When one thinks of baseball rivalries, Yankees-Red Sox, Dodgers-Giants and Cubs-Cardinals immediately come to mind.
When it comes to post-season rivalries, you have the classic and storied matchups of yesteryear featuring the forementioned Yankees against the old Brooklyn Dodgers and crosstown Giants—both of whom would later relocated to Los Angeles and San Francisco respectively.
Also notable post-season clashes involve the Giants and St. Louis Cardinals, Dodgers-Reds and Oakland vs both the Angels and Dodgers.
Perhaps it is time to add the Yankees vs. Indians to that storied list.

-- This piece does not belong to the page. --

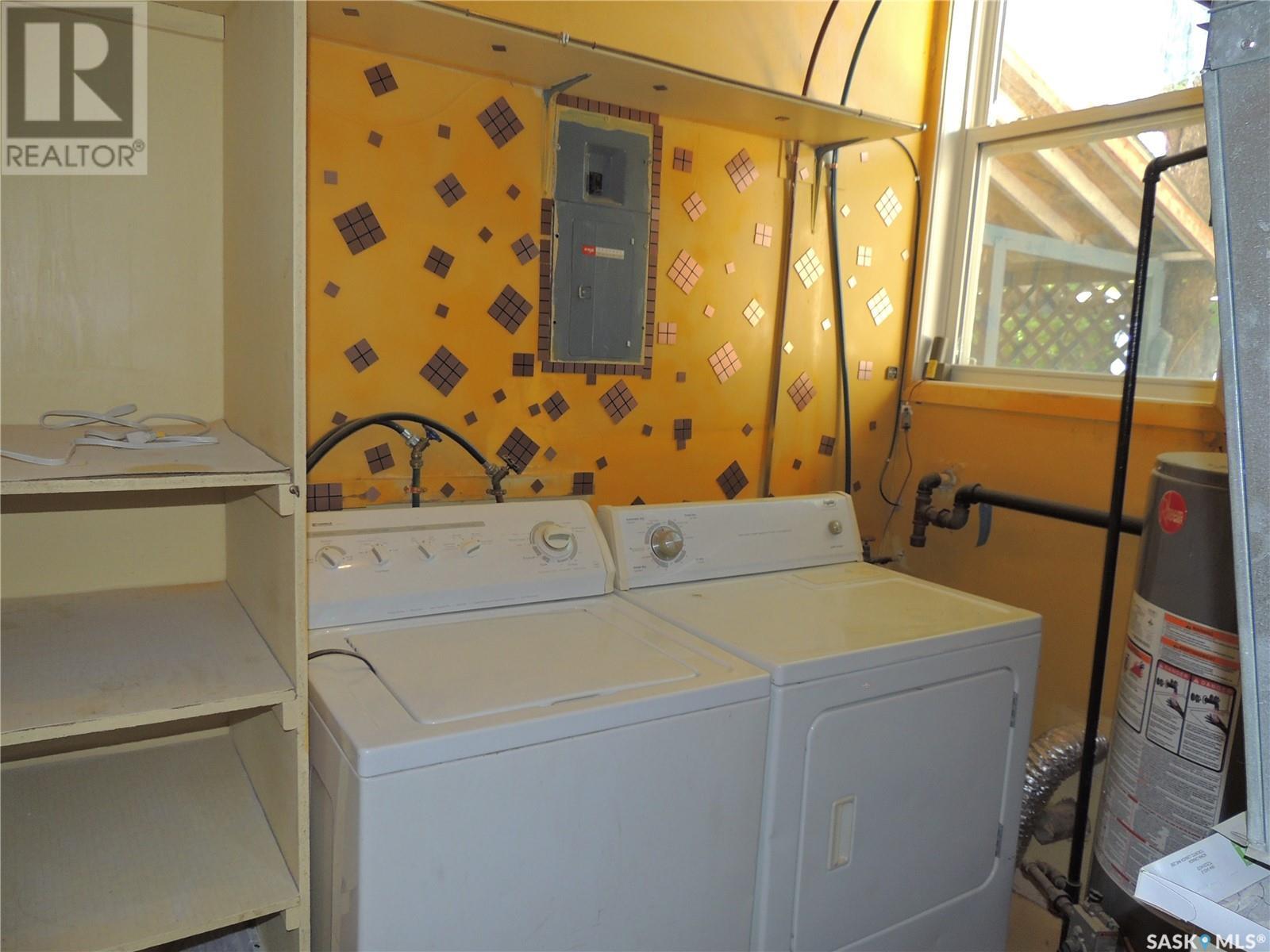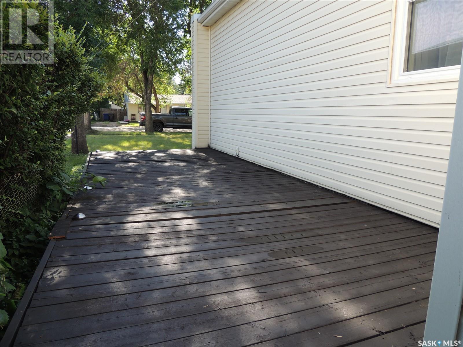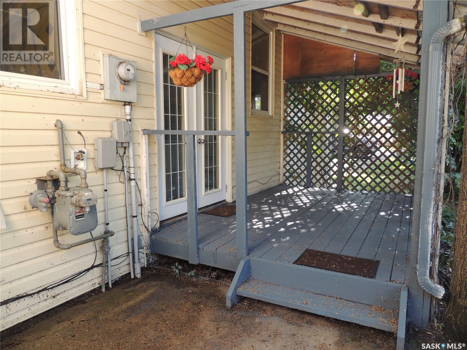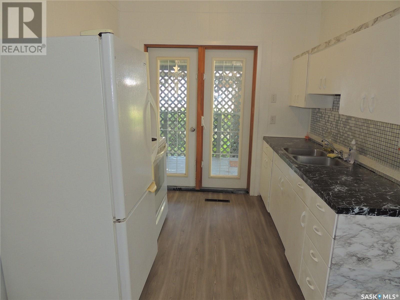 This home is ready to move into. The exterior has pvc windows, vinyl siding and metal roofing for low maintenance. The yard is well maintained with a large uncovered deck and another covered deck. The back yard is open and has a storage shed. You enter the home into the front living room. It is open to the dining room with the kitchen off to the side with direct access to the covered deck. The one bedroom has a side office off of it. There is an additional bedroom. The main floor laundry has the utilities in it. There is a 4 piece bathroom to complete this home. Water lines have been changed to plastic. (id:22211)

One wouldn’t think that both New York and Cleveland would have any sort of post-season animosity, thanks to the Yankees perennial dominance and the Indians modern-day resurgence from the 1990’s to the present, but make no mistake, there has been quite a few historical matchups between the two original Junior League members.

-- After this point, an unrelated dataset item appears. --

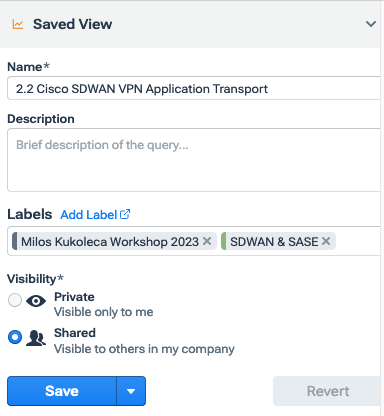- Labels: An optional set of controls to add and apply labels to the saved view (see Labels Controls).

You have Sandy Alomar’s home run off of Mariano Rivera in the 1997 ALDS, Chuck Knoblauch’s errand throw in the 1998 ALCS to the infamous “Bug Game” in 2007 in the ALDS, and one wouldn’t think that the Indians hold a 2-1 advantage over the 27-time World Series champion Bronx Bombers.

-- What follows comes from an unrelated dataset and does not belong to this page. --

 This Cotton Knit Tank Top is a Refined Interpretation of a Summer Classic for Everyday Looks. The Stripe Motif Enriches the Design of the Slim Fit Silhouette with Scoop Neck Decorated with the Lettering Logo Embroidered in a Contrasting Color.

There is a history. One that isn’t always celebrated or mentioned like the other great post-season matchups, but there was a time during the 1990’s that it was either Cleveland or New York that dominated the American League.
Much like those great times of that era, this current generation of New York-Cleveland is set up to become a true rivalry between both franchises as both have young talented players in Francisco Lindor, Jose Ramirez, Jason Kipnis, Carlos Santana and the Yankees new “Baby Bombers” of Aaron Judge, Gary Sanchez, Didi Gregorius and one-time Indians top prospect in Yanks outfielder Clint Frazier.
One has a seemingly unlimited payroll filled with big-money free agents, the other has a Middle America, build-from-the-farm type of approach.
Big Apple vs. Rock City. New York vs. Cleveland.
Both wouldn’t have it any other way.
Both teams and fans respect and fear each other, but don’t openly have any bad blood, that is reserved for their regional rivals such as the Red Sox and Detroit Tigers, but there is potential for the Yankees-Indians to have and write many more chapters for many years to come.